En Septembre 1971, alors que je faisais, dans le cadre de la coopération, bénéficier les populations sénégalaises de mon balbutiant savoir, je découvris avoir pour voisine une Anglaise. Nous sympathisâmes et puisqu’affinités nous eûmes, il y eut plus et nous vécûmes ensemble cette année scolaire. La belle ayant un contrat de deux ans et le mien se terminant, après des vacances en France et à Londres nous nous séparâmes et l’éloignement aidant, notre histoire tourna en eau de boudin. Toutefois, étant d’un naturel obstiné, quand j’appris qu’existait entre le Royaume-Uni et la France un accord prévoyant l’échange d’instituteurs (ce que j’étais à l’époque), je posai ma candidature, laquelle fut acceptée et je retrouvai mon amie à Londres. Hélas pour mes projets de reconquête, elle n’y était que de passage vu qu’elle avait obtenu un poste d’enseignante à Venise.

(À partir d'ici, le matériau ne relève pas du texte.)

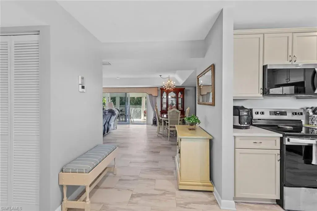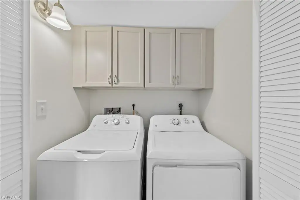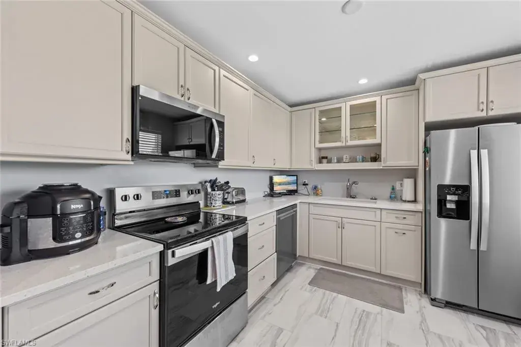 Discover the perfect blend of comfort and convenience in this bundled golf community just 10 minutes from downtown Naples and its stunning beaches! This 2-bed, 2-bath condo features new vinyl flooring throughout, brand-new kitchen appliances (Dec 2024), and recent upgrades, including a new AC and water heater (2023). Relax in the tropical landscaping of this screened lanai and feel secure with the storm shutters in the off-season. Enjoy resort-style amenities: 2 golf courses, the Pines a par 70 and the Palmetto a par 55, both designed by Gordon Lewis– unlimited play included. Other amenities include, 9 swimming pools, 12 new pickleball courts & tennis courts, bocce courts & clubhouse with seasonal activities. The club also has a Pro Shop, and 19th Hole restaurant with service to the main resort style pool. Nestled in a private, landscaped setting just a short walk to the pool, this home is a rare find in a highly sought-after community. All of this is just 10 minutes from the beautiful sandy beaches or Naples, and shoppes and dining on the 5th Ave historic area. Live the Naples lifestyle today!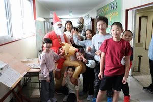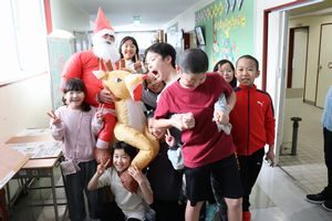 人気者のサンタさんは、あっという間に子どもたちに囲まれていました。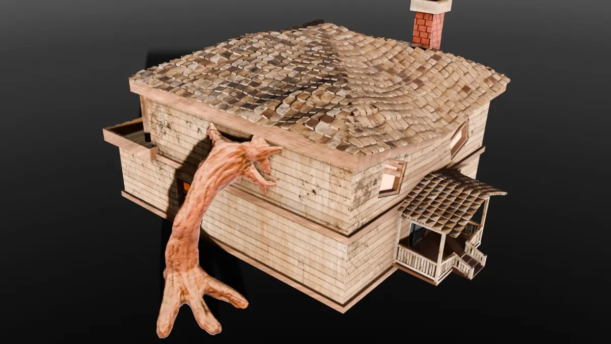 Textures: High-resolution textures have been meticulously applied to simulate the aged, weathered wood and other materials that make up the Monster House. These textures contribute significantly to the model's realism, providing lifelike details such as grain patterns, cracks, and worn surfaces.Materials: The model utilizes a variety of materials to define the surface properties, replicating the look and feel of different components of the house, such as wooden beams, shingles, and stone foundations. These materials have been carefully chosen and applied to enhance the overall aesthetic, ensuring that the house appears both ominous and believable.Animation and Rigging:

Je finis par m’en consoler dans les bras d’une jeune Anglaise. Nous avions des projets durables, mais la fin de l’année scolaire arrivant, il me fallait rejoindre la France et l’éloignement aidant notre histoire tourna en eau de boudin. Je conservai cependant des contacts avec des amis anglais et j’allai souvent y passer mes vacances tandis qu’eux venaient nous rendre visite.

Dix-sept ans passèrent : six années d’études supérieures suivies de deux ans d’enseignement puis de neuf ans de commerce qui finalement me laissèrent dans ce qu’il faut bien appeler une merde noire. Instance de divorce (je m’étais entre temps marié et étais devenu père), chômage et, cerise sur le gâteau, un endettement considérable dont ma chère épouse avait bien voulu me laisser bénéficiaire : la totale. Je ne voyais pas très bien comment je pourrais m’en sortir vu que, si j’obtenais un emploi, mes créanciers ne me laisseraient que tout juste de quoi subsister et ce pendant des années. Autant dire qu’à quarante ans mon avenir ne me semblait pas brillant.

C’est alors que, la mort dans l’âme, après bien des hésitations, je décidai d’aller tenter ma chance outre-manche. Début 1990, un ami m’ayant offert l’hospitalité, je trouvai rapidement un poste de prof de français dans un des boroughs les plus pourris de Londres. J’y fis la connaissance d’une jeune collègue (encore !) et, après bien des vicissitudes, nous nous mîmes en ménage. Au bout de deux ans, je démissionnai de mon poste. Je trouvai à m’occuper en donnant des cours de français à des cadres pour une école de langue. Le seul hic est que, comme disent les Normands, je n’y gagnais pas l’eau de ma soupe. Nous avions beau avoir réduit notre train de vie, rien n’y faisait et je me trouvais dépendre financièrement de ma compagne ce qui ne me plaisait qu’à moitié, voire pas du tout.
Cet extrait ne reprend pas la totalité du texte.